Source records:
━━━━━━━━━━━━━━━━━━━━

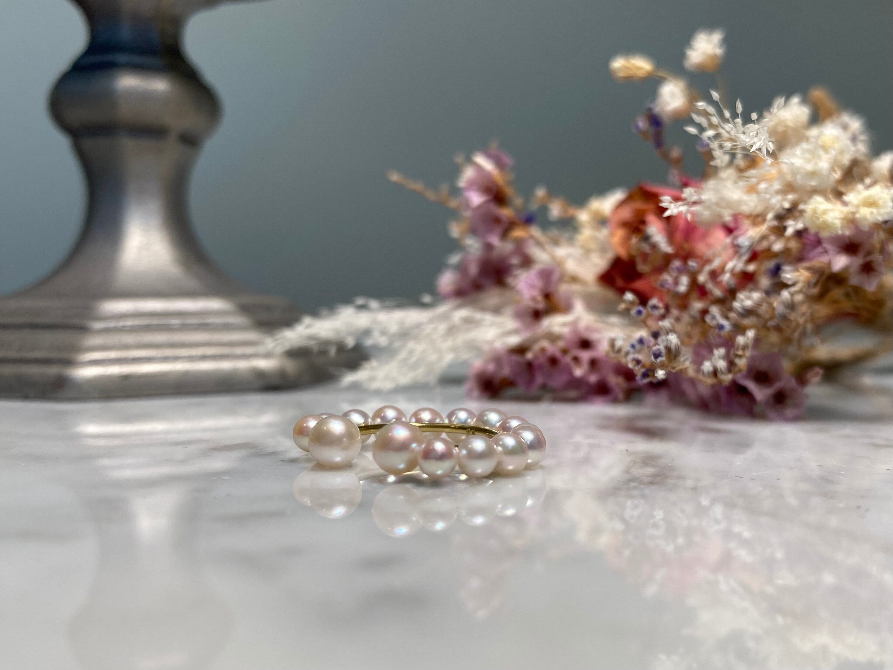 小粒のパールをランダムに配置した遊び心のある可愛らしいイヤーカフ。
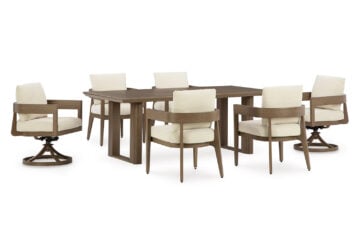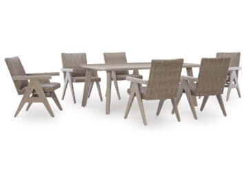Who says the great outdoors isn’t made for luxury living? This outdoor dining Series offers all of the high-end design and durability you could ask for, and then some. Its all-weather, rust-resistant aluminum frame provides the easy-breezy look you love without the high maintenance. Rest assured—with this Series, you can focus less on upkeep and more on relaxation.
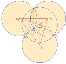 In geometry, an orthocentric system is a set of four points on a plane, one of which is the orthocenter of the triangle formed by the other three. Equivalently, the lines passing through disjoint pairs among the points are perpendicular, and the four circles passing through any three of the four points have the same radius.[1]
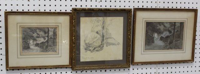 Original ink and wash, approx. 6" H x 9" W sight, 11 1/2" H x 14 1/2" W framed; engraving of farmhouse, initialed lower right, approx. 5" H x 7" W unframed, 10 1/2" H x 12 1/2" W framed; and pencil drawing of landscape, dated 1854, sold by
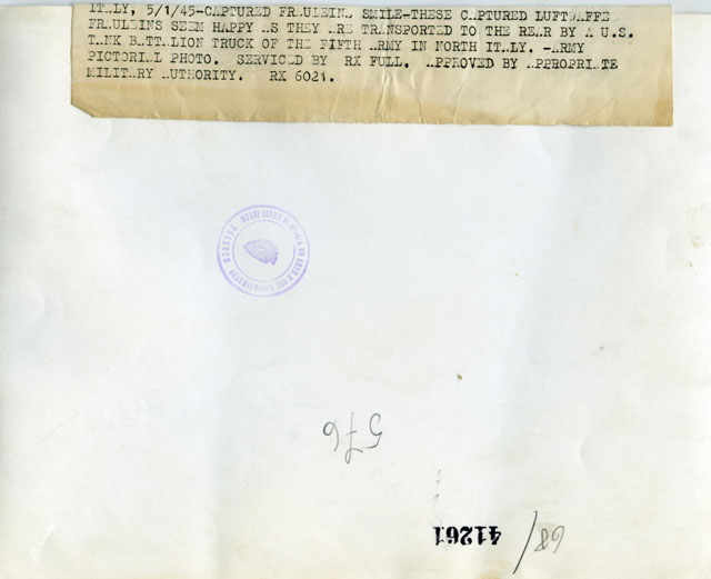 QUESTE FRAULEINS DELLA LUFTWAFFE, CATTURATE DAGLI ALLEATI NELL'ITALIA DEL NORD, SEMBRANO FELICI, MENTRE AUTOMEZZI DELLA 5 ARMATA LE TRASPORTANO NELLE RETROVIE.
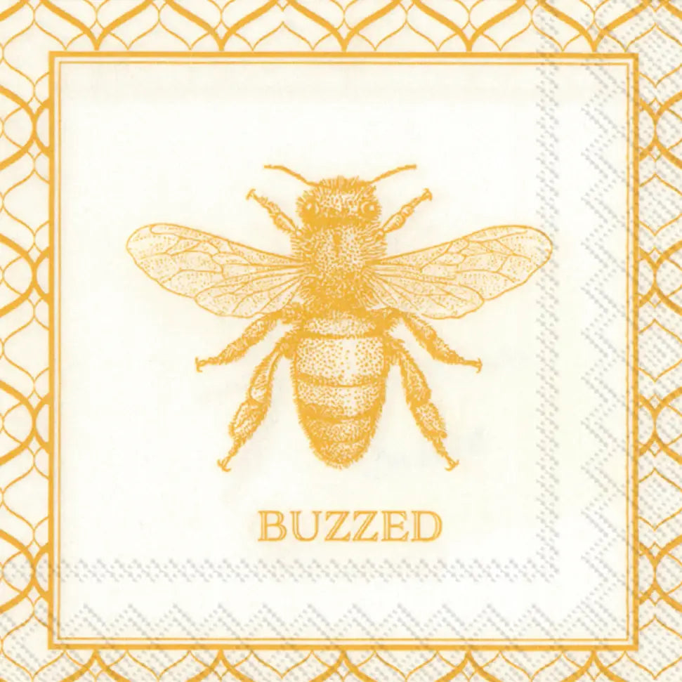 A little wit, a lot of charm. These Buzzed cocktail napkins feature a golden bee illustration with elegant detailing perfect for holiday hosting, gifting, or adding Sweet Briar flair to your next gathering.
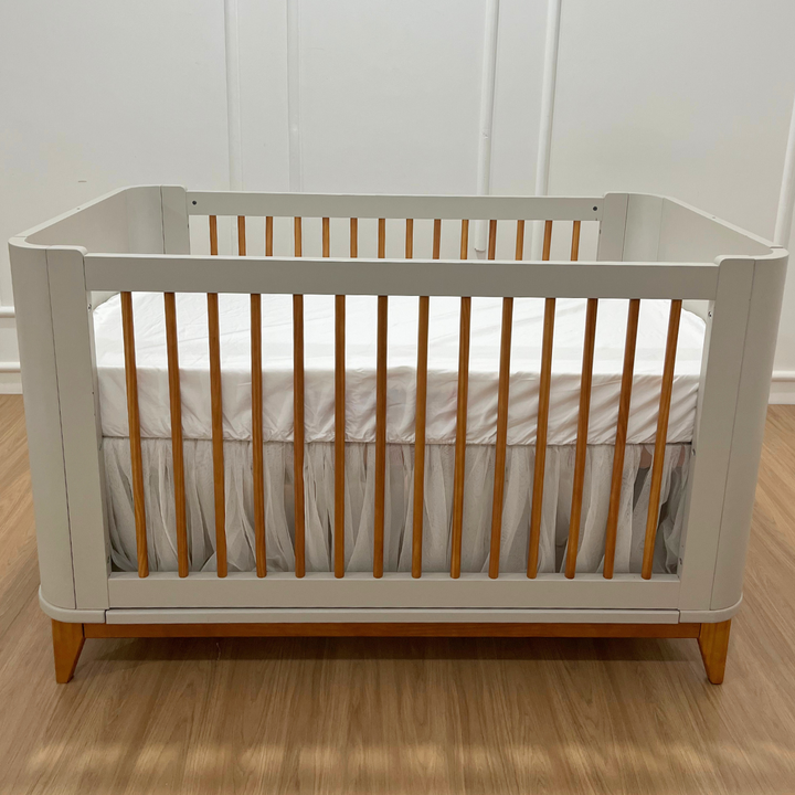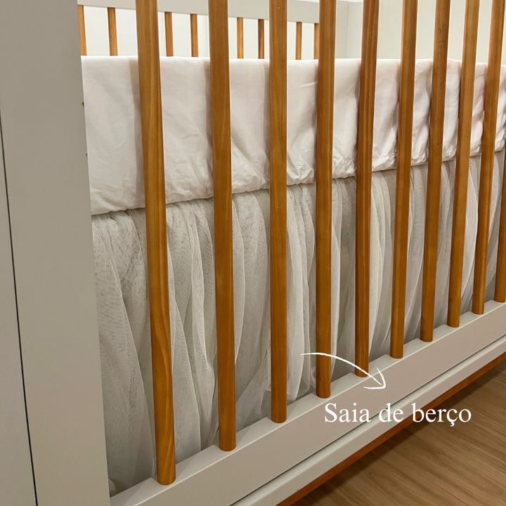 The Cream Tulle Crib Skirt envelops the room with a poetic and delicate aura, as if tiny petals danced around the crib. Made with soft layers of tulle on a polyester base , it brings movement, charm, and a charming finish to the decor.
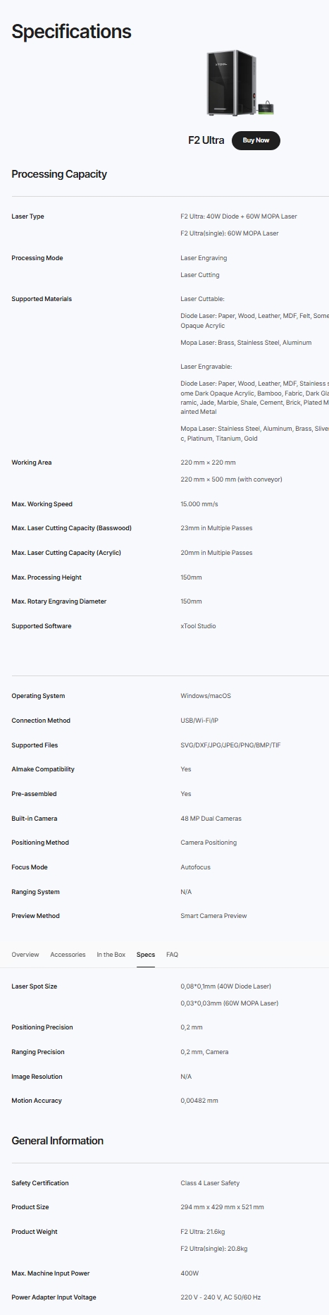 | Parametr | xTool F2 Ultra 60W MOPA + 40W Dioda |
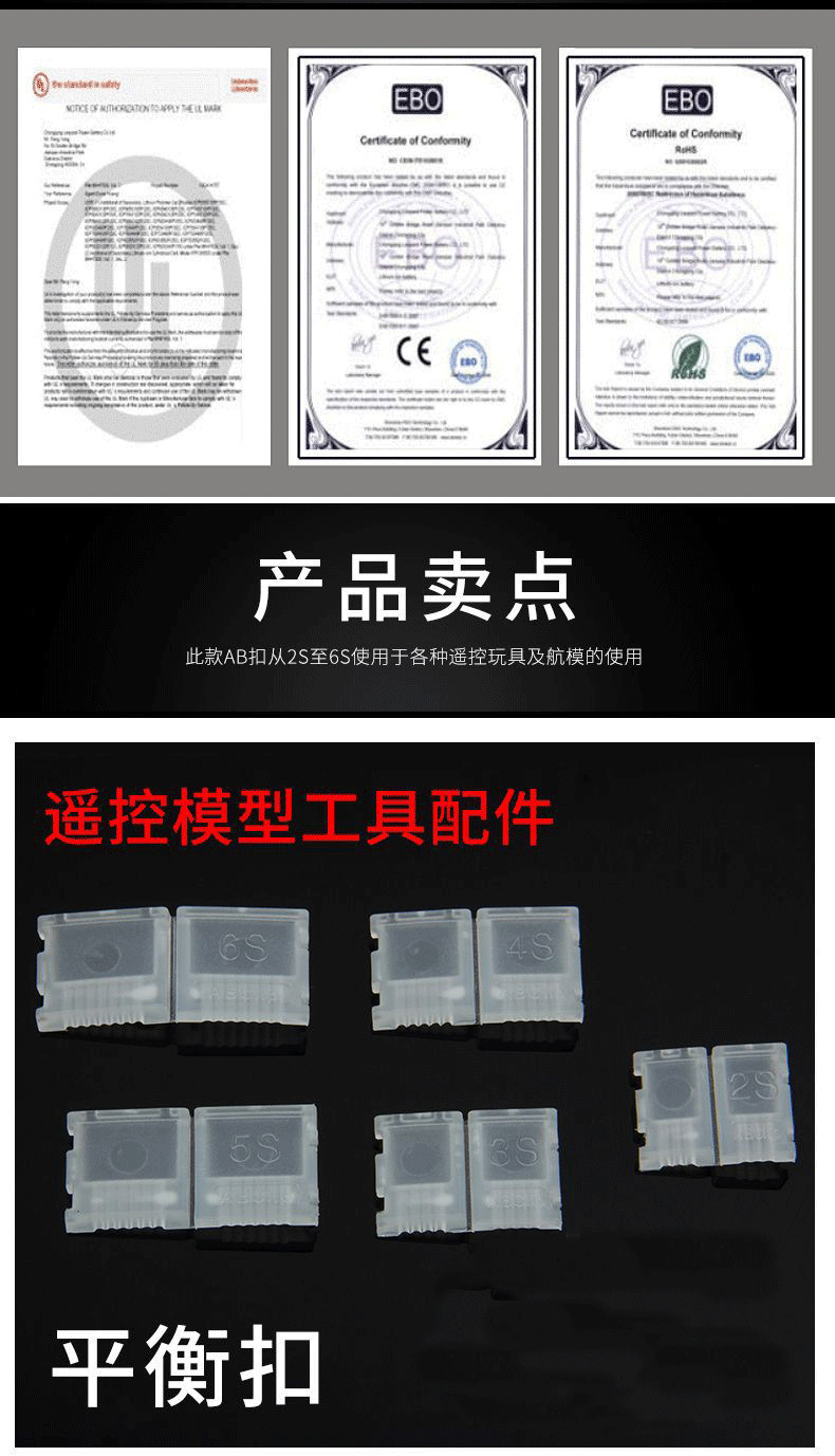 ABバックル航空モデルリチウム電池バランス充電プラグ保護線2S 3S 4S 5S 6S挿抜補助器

━━━━━━━━━━━━━━━━━━━━

Exercise goal: Reproduce the lines above exactly, please, but not the pictures in them.

Solution to the problem:
 小粒のパールをランダムに配置した遊び心のある可愛らしいイヤーカフ。
Who says the great outdoors isn’t made for luxury living? This outdoor dining Series offers all of the high-end design and durability you could ask for, and then some. Its all-weather, rust-resistant aluminum frame provides the easy-breezy look you love without the high maintenance. Rest assured—with this Series, you can focus less on upkeep and more on relaxation.
 In geometry, an orthocentric system is a set of four points on a plane, one of which is the orthocenter of the triangle formed by the other three. Equivalently, the lines passing through disjoint pairs among the points are perpendicular, and the four circles passing through any three of the four points have the same radius.[1]
 Original ink and wash, approx. 6" H x 9" W sight, 11 1/2" H x 14 1/2" W framed; engraving of farmhouse, initialed lower right, approx. 5" H x 7" W unframed, 10 1/2" H x 12 1/2" W framed; and pencil drawing of landscape, dated 1854, sold by
 QUESTE FRAULEINS DELLA LUFTWAFFE, CATTURATE DAGLI ALLEATI NELL'ITALIA DEL NORD, SEMBRANO FELICI, MENTRE AUTOMEZZI DELLA 5 ARMATA LE TRASPORTANO NELLE RETROVIE.
 A little wit, a lot of charm. These Buzzed cocktail napkins feature a golden bee illustration with elegant detailing perfect for holiday hosting, gifting, or adding Sweet Briar flair to your next gathering.
 The Cream Tulle Crib Skirt envelops the room with a poetic and delicate aura, as if tiny petals danced around the crib. Made with soft layers of tulle on a polyester base , it brings movement, charm, and a charming finish to the decor.
 | Parametr | xTool F2 Ultra 60W MOPA + 40W Dioda |
 ABバックル航空モデルリチウム電池バランス充電プラグ保護線2S 3S 4S 5S 6S挿抜補助器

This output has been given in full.